Columbus was an excellent sailor, with years of experience under the tutelage of the voyaging Prince Henry of Portugal in that sea-faring nation’s explorations of the west coast of Africa. His first voyage, consisting of the fabled fleet of the Nina, Pinta, and Santa Maria, was undertaken in proven ships which he modified to take advantage of the prevailing trade winds he expected to encounter in his crossing of the Atlantic. He lost not a single man during the voyage — but did lose the Santa Maria on Christmas Eve, 1492 on a reef off the northern arm of present day Haiti near a tragic settlement he would call “Navidad.” Leaving a contingent of sailors and caballeros at Navidad after constructing a block house from the salvaged wreckage of the Santa Maria, Columbus sailed home for Spain in the Nina.
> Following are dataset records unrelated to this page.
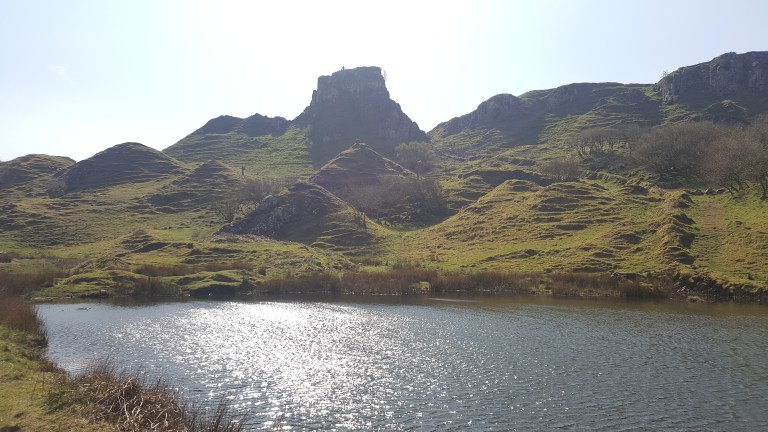 Fairy Glen wo die Feen leben auf der Isle of Skye sagt man. Für das Fairy Glen bei Uig haben sich die Feen besondere Mühe gegeben. Kleine Tümpel mit Seegras schmiegen sich um geriffelte Kegel. Bäume greifen mit langen Finger ins Nichts. Kleine Bäche und Wasserfälle winden sich durch abgeschiedene Täler. Über allem hält die Castle Ewen Wache. Castle Ewen ist keine Burg sondern ein hoch aufragender Fels mitten im Tal. Doch er hat tatsächlich Ähnlichkeit mit einem Wachturm oder einer kleinen Festung. Mutige können ihn sogar über einen kleinen Pfad erklimmen, er bietet oben genug Platz um sich sicher aufzuhalten – sich vielleicht sogar die Sonne auf den Bauch scheinen zu lassen. Falls es die Wetterfee gut mit einem meint. Das Fairy Glen ist einer der wunderschönsten Ort auf der Isle of Skye. Und es ist noch keine überlaufene Touristenattraktion. Zur rechten Zeit und mit etwas Glück kann man es mit einem Spaziergang ganz alleine erkunden.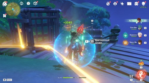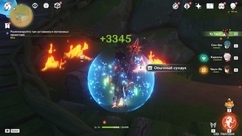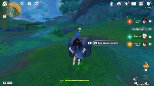 Забрав предыдущее сокровище, продолжайте следовать за эйдолоном, а потом спасите его от хиличурлов и митачурла. В награду вы получите обычный сундук.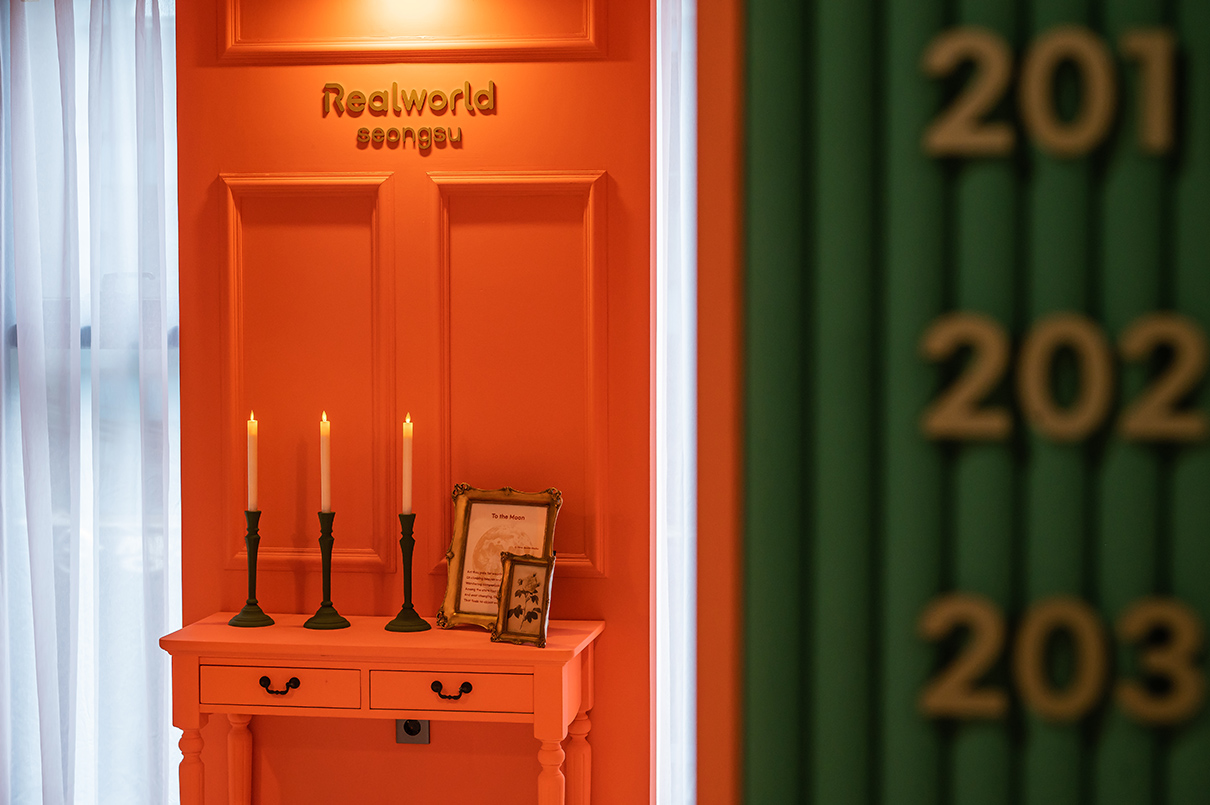 이곳, 리얼월드 성수는 유니크굿 컴퍼니 회사가 마련한 게임 체험 공간으로, 내부 곳곳에 게임 관련 미션들을 마련해놓고 고객들이 1, 2층을 오가며 게임 미션을 풀어나가도록 설정되었다. 감각적으로 꾸며진 공간에서 고객들은 게임을 즐기며 공간이 주는 아름다운 미장센과 디자인 속에서 휴식과 여유, 낭만을 동시에 경험할 수 있다.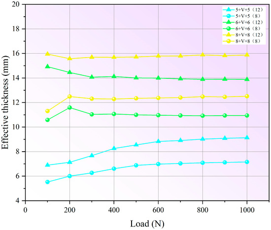 The bending stress at each loading step of vacuum glazing with different thicknesses of glass is demonstrated in Figure 10. As shown in Figure 10, vacuum glazing exhibited decreasing bending stress with increasing glass thickness, which showed a similar trend to PVB and SGP laminated glass. Notably, vacuum glazing demonstrated comparable bending stress to SGP laminated glass under identical loading conditions, while showing lower stress values than PVB laminated glass. The effective thickness of vacuum glazing determined using different reference glasses is shown in Figure 11, where the previously observed phenomenon is confirmed, that the effective thickness values derived from the initial loading stage display marked divergence.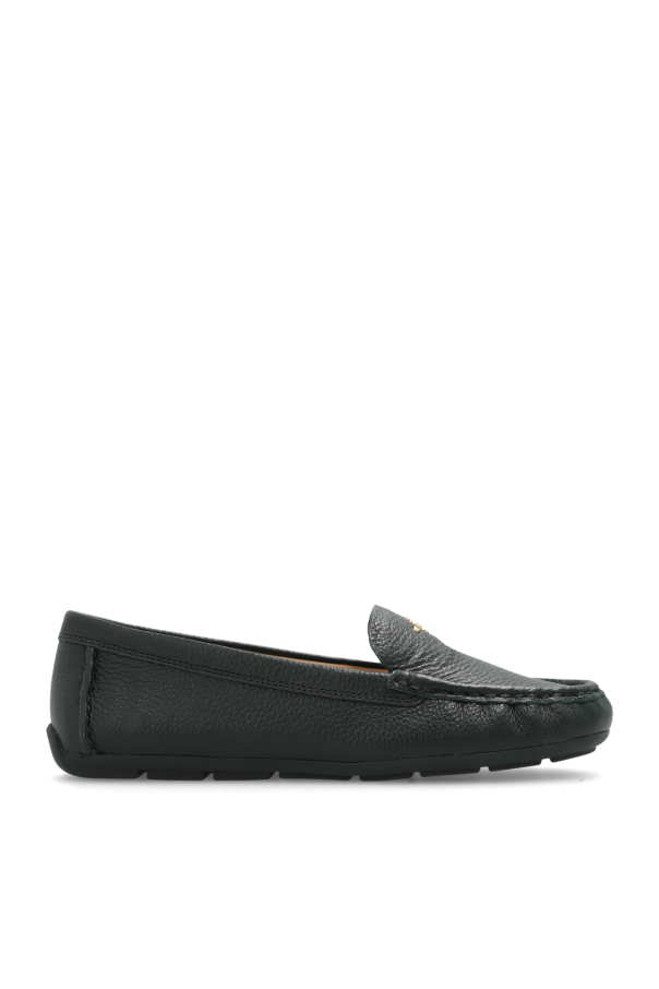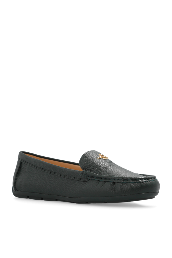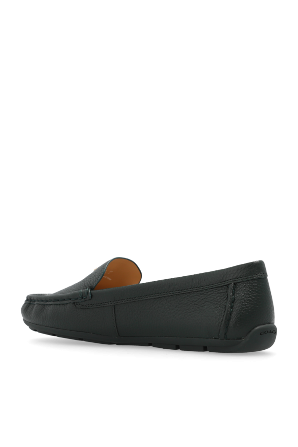 Dark green ‘Marley’ moccasins from Coach. Crafted from leather, this pair features a metal logo detail in gold-tone and a green rubber sole.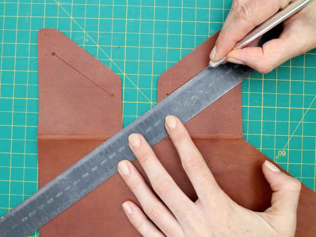 Use a punch to create a small hole at both ends of each slot you marked with the awl.

As he approached Europe that February he encountered a brutal storm, a perfect storm, which Morison is able to recreate in amazing detail from Columbus’ own ships logs and the insights of modern meteorologists. Columbus survived a storm on a furious scale which would have destroyed a modern fleet, limping ashore in Portugal under a wisp of a remaining sail against all odds. Not only his skill — and religious promises by him and the pious crew to go on pilgrimages of thanks should God spare them — but the almost magical luck of the Nina stand out as the heroes of Morison’s account. I had never been aware of that aspect of the Columbus story until reading Morison, and now would now place his voyage home in the tiny Nina in the pantheon of epic feats of seamanship that include Bligh’s voyage in an open boat across 4,000 miles of the south Pacific ocean and Slocum’s first solo circumnavigation in the Spray.
So tomorrow, this Columbus Day of 2016, a day of mourning for many, a holiday barely honored anymore at the last long weekend of the Fall, “National Indigenous Peoples Day” on some campuses, I chose to remember the scene on the poop deck of the Nina somewhere north of the Azores in February 1493, fighting for its life, with the Admiral of the Ocean Seas standing resolute before his terrified crew begging their God Almighty to deliver them onto dry land after a voyage of discovery Morison declares every bit as significant as man’s landing on the moon.